I have a decent understanding of how transistors work, at least for purposes of basic digital circuitry. Apply high voltage to the gate, and current can flow between source and drain. Apply low voltage, and current doesn’t flow. (... And sometimes reverse that depending on which type of transistor we’re using.)

Transistor visual from wikipedia showing Source, Drain, Gate, and (usually ignored unless we’re really getting into the nitty gritty) Body. At a conceptual level: when voltage is applied to the Gate, the charge on the gate attracts electrons (or holes) up into the gap between Source and Drain, and those electrons (or holes) then conduct current between Source and Drain.

I also understand how to wire transistors together into a processor and memory. I understand how to write machine and assembly code to run on that processor, and how to write a compiler for a higher-level language like e.g. python. And I understand how to code up, train and run a neural network from scratch in python.

In short, I understand all the pieces from which a neural network is built at a low level, and I understand how all those pieces connect together. And yet, I do not really understand what’s going on inside of trained neural networks.

This shows that interpretability is not composable: if I take a bunch of things which I know how to interpret, and wire them together in a way I understand, I do not necessarily know how to interpret the composite system. Composing interpretable pieces does not necessarily yield an interpretable system.

Tools

The same applies to “tools”, in the sense of “tool AI”. Transistors and wires are very tool-ish: I understand what they do, they’re definitely not optimizing the broader world or trying to trick me or modelling me at all or trying to self-preserve or acting agenty in general.

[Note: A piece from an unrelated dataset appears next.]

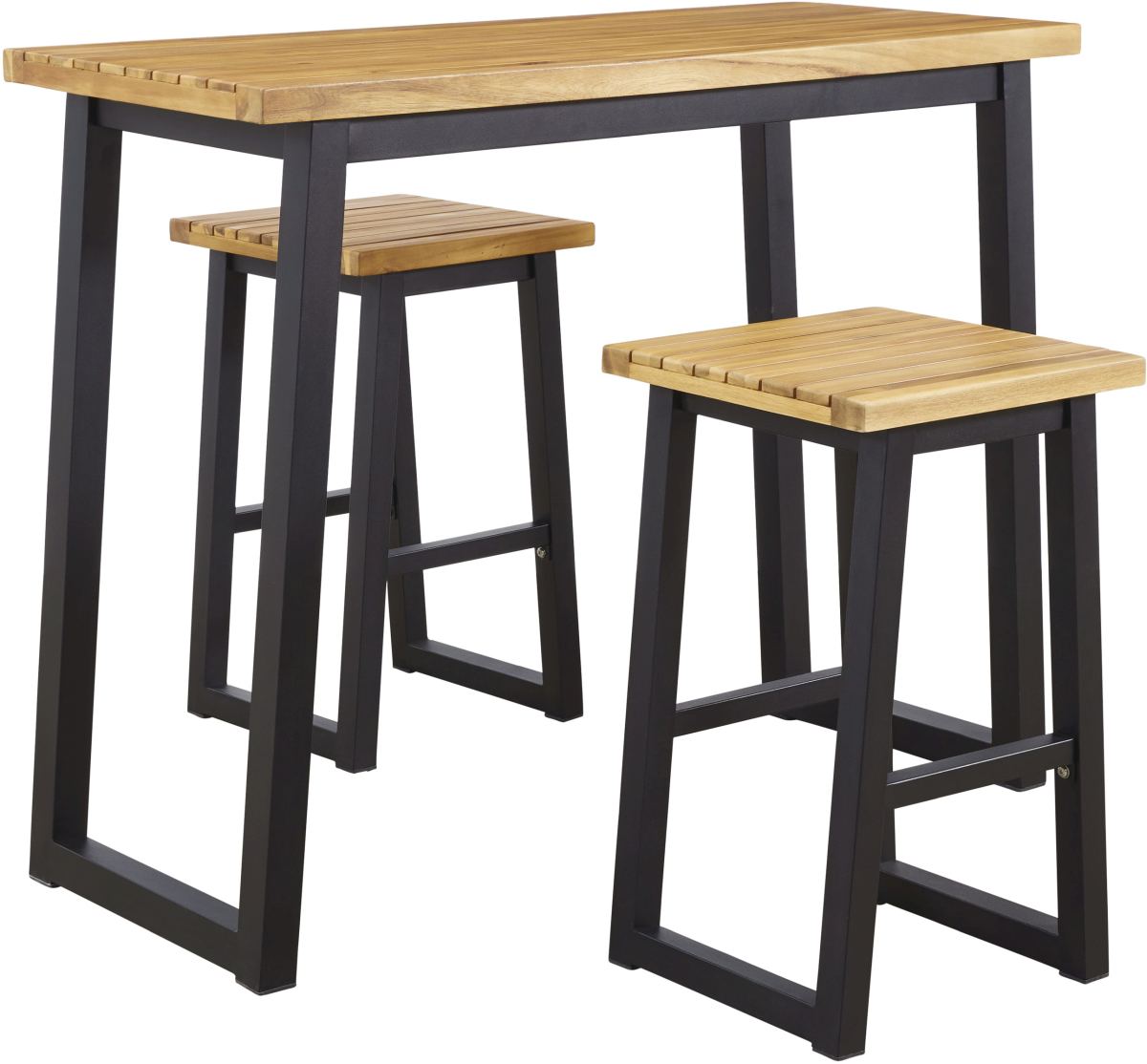 Bring an uptown feel to an outdoor space with this 3-piece outdoor furniture set. An especially smart choice for small spaces, this ultra-cool counter-height outdoor table and stool set sets a new standard in outdoor living. The tabletop and seats are richly crafted of acacia wood with wonderful tonal variation. The tubular steel legs are sleek, sturdy and slightly canted for an interesting angled effect.

They’re just simple electronic tools.

And yet, assuming agenty AI is possible at all, it will be possible to assemble those tools into something agenty.

So, like interpretability, tool-ness is not composable: if I take a bunch of non-agenty tools, and wire them together in a way I understand, the composite system is not necessarily a non-agenty tool. Composing non-agenty tools does not necessarily yield a non-agenty tool.

Alignment/Corrigibility

What if I take a bunch of aligned and/or corrigible agents, and “wire them together” into a multi-agent organization? Is the resulting organization aligned/corrigible?

Actually there’s a decent argument that it is, if the individual agents are sufficiently highly capable. If the agents can model each other well enough and coordinate well enough, then they should be able to each individually predict what individual actions will cause the composite system to behave in an aligned/corrigible way, and they want to be aligned/corrigible, so they’ll do that.

However, this does not work if the individual agents are very limited and unable to model the whole big-picture system. HCH-like proposals are a good example here: humans are not typically able to model the whole big picture of a large human organization. There are too many specialized skillsets, too much local knowledge and information, too many places where complicated things happen which the spreadsheets and managerial dashboards don’t represent well. And humans certainly can’t coordinate at scale very well in general - our large-scale communication bandwidth is maybe five to seven words at best. Each individual human may be reasonably aligned/corrigible, but that doesn’t mean they aggregate together into an aligned/corrigible system.

The same applies if e.g. we magically factor a problem and then have a low-capability overseeable agent handle each piece. I could definitely oversee a logic gate during the execution of a program, make sure that it did absolutely nothing fishy, but overseeing each individual logic gate would do approximately nothing at all to prevent the program from behaving maliciously.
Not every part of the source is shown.